ADAR1 Regulation of Innate RNA Sensing in Immune Disease

Abstract

Detection of nucleic acids and production of type I interferons (IFNs) are principal elements of antiviral defense, but can cause autoimmune disease if dysregulated. Loss of function mutations in the human ADAR gene cause Aicardi-Goutières Syndrome (AGS), a rare and severe autoimmune disease that resembles congenitally acquired viral infection. Our lab and others defined ADAR1 as an essential negative regulator of an RNA-sensing pathway. Specifically, accumulation of endogenous ADAR1 RNA substrates within cells triggers type I IFN production through the anti-viral MDA5/MAVS pathway, highlighting the connection between innate antiviral responses and autoimmunity, with important implications for the treatment of AGS and related diseases. However, the mechanisms of MDA5-dependent disease pathogenesis in vivo remain unknown.
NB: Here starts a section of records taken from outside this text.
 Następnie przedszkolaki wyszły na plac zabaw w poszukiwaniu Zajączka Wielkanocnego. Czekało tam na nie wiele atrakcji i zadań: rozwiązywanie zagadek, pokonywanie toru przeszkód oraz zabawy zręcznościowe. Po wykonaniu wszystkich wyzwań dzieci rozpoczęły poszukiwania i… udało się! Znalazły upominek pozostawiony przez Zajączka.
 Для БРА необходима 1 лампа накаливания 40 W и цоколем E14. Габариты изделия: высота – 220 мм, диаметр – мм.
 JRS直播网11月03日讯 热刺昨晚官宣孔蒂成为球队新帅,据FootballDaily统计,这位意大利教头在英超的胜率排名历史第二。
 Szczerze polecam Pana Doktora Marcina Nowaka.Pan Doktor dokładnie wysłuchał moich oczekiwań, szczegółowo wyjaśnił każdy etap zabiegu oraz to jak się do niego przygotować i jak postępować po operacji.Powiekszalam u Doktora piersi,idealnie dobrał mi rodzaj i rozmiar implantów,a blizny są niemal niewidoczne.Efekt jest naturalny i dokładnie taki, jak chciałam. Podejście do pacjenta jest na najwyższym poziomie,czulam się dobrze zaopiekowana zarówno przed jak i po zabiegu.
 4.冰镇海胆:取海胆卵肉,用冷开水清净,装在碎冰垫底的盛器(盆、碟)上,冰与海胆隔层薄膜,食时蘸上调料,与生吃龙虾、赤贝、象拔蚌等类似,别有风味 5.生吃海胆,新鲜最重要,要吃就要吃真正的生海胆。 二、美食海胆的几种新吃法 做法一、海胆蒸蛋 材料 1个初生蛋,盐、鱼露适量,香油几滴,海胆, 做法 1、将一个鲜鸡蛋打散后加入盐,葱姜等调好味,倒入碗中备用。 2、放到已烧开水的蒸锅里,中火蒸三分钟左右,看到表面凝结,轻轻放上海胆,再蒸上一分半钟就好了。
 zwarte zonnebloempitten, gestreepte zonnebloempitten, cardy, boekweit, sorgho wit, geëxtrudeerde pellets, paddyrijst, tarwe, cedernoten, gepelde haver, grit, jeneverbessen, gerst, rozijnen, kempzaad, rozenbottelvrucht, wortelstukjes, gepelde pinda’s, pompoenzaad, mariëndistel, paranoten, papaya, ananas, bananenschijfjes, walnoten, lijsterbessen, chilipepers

Here, we introduce a knockin mouse that models the most common ADAR AGS mutation in humans. In defining this model we confirm that the unique z-alpha domain of ADAR1 is required, along with the deaminase domain, for MDA5 regulation. We establish that it is haploinsufficiency paired with an otherwise non-deleterious allele that drives disease, and may explain the dominance of this allele amongst the broader population. We used this new Adar-mutant mouse model to confirm several putative effectors of disease that results from ADAR1 loss of function. These mice develop lethal disease that requires MDA5, the RIG-I-like receptor LGP2, type I interferons, and the eIF2α kinase PKR. We additionally show that a small molecule inhibitor of the integrated stress response (ISR) that acts downstream of eIF2α phosphorylation prevents immunopathology, and rescues the mice from mortality. We also determined that haploinsufficiency is essential to the progression of disease, and demonstrate increased MDA5 signaling in p150 and Adar1 heterozygous mice. We describe a new set of mice that will allow in vitro and in vivo interrogation of the RNAs that activate MDA5 in the absence of sufficient ADAR1 editing. Our findings place PKR and the ISR as central components of immunopathology in vivo and identify new therapeutic targets for treatment of human diseases associated with the ADAR1-MDA5 axis, and shed light on how decreased ADAR1 activity may be leveraged for cancer treatments.